Field Performance Of Two Methods For Detection Of Poliovirus In Wastewater Samples, Mexico 2016–2017
Published 2019 · Biology, Medicine
To enhance our ability to monitor poliovirus circulation and certify eradication, we evaluated the performance of the bag-mediated filtration system (BMFS) against the two-phase separation (TPS) method for concentrating wastewater samples for poliovirus detection. Sequential samples were collected at two sites in Mexico; one L was collected by grab and ~ 5 L were collected and filtered in situ with the BMFS. In the laboratory, 500 mL collected by grab were concentrated using TPS and the sample contained in the filter of the BMFS was eluted without secondary concentration.

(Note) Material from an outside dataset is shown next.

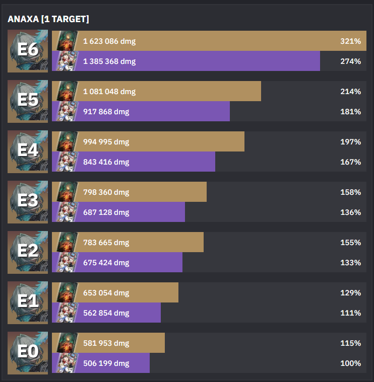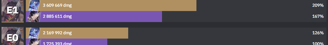 Ща глянул сравнение Е0 с Е1. Пиздец, это небо и земля. Походу на Е0 просто 0 смысла оставлять чара. Забрать сейчас ей Е1, это как добрать ещё одного полноценного дот-тиммейта в пачку не занимая сам слот.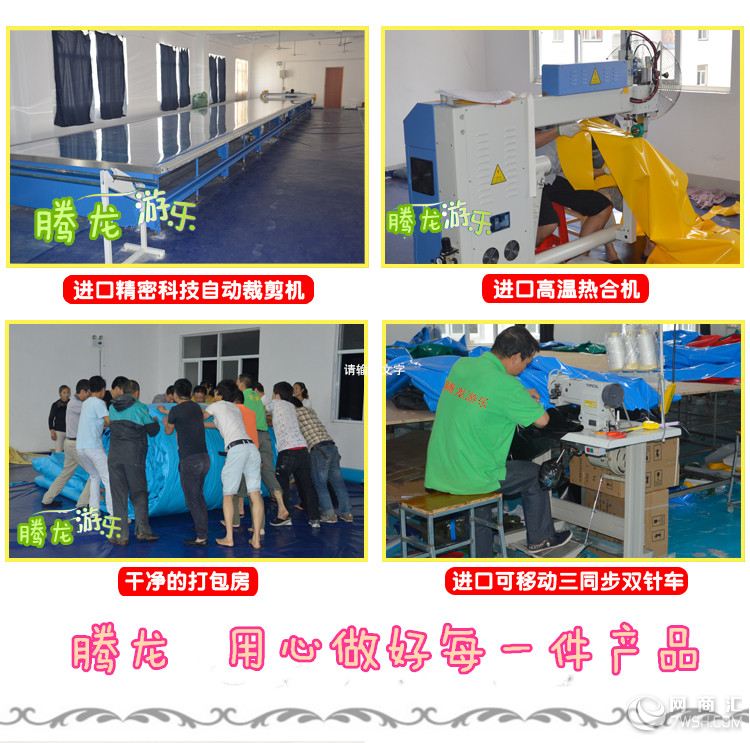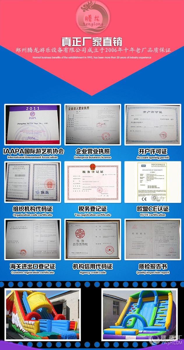 郑州腾龙游乐设备有限公司 品 名:充气城堡 品 牌:郑州腾龙游乐设备 产品造型:可自选,设计师量身设计 经营场地:广场、游乐园、公园、集市、商场等 场地条件:较平坦、无尖利物 设备配置:风机750W——1100W,220V 材料参数:厚度0.45-0.55mm 材料性能:采用进口技术生产,光滑彩色面料制作,耐寒(可达零下40度)耐晒(60度)。 使用年限:100000人次 人员配置:每件1-2人 适龄儿童:3岁-16岁 产品质量:20-65kg; 充气时间:3-5分钟 停机排净空气时间:10-15分钟 折叠所需时间: 5-10分钟 售后服务:1、保修三年,终身提供维修用的胶水和维修材料 2、凡购买我公司充气类产品的客户,将给予终身的技术支持 3、腾龙游乐及时为你解答疑难技术问题 大型充气玩具相关知识 材 料:加网PVC布料,由质量监督局检测结果显示此材料对皮肤无刺激性,无毒性对儿童完全没有伤害。此材料为一种专业的充气布,耐寒性好,可达零下40度低温;阻燃性好。 相关配件:配送相应风机,胶水和修补材料。 使用寿命:可使用八至十万人次左右 2016年新款充气玩具,儿童充气城堡“猪猪侠”系列规格:10X6 10X5 大滑梯系列规格有12*6 12*7 15*8 16*9 18*10 20*10 也可以根据可以场地要求定制 售后服务 :三年内免费提供维修用的胶水和角料,我公司售后服务人员将及时为您解决疑难问题,收到客户信息后,即时给予客户一个处理意见或技术指导不能即时处理的,将在24小时内与客户联系并根据实际情况提出处理意见。 是国家质量监督检验检疫总局对企业原材料的选用,产品外观,结构设计,生产工艺,质量控制体系,服务体系,管理制度等各个生产环节的一种合格认证。 热线电话:18237898804 QQ::974165998

Concentrates were tested for the presence of poliovirus and non-poliovirus enterovirus (NPEV) using Global Poliovirus Laboratory Network standard procedures. Between February 16, 2016, and April 18, 2017, 125 pairs of samples were obtained. Collectors spent an average (± standard deviation) of 4.3 ± 2.2 min collecting the TPS sample versus 73.5 ± 30.5 min collecting and filtering the BMFS sample. Laboratory processing required an estimated 5 h for concentration by TPS and 3.5 h for elution. Sabin 1 poliovirus was detected in 37 [30%] samples with the TPS versus 24 [19%] samples with the BMFS (McNemar’s mid p value = 0.004). Sabin 3 poliovirus was detected in 59 [47%] versus 49 (39%) samples (p = 0.043), and NPEV was detected in 67 [54%] versus 40 [32%] samples (p < 0.001). The BMFS method without secondary concentration did not perform as well as the TPS method for detecting Sabin poliovirus and NPEV. Further studies are needed to guide the selection of cost-effective environmental surveillance methods for the polio endgame.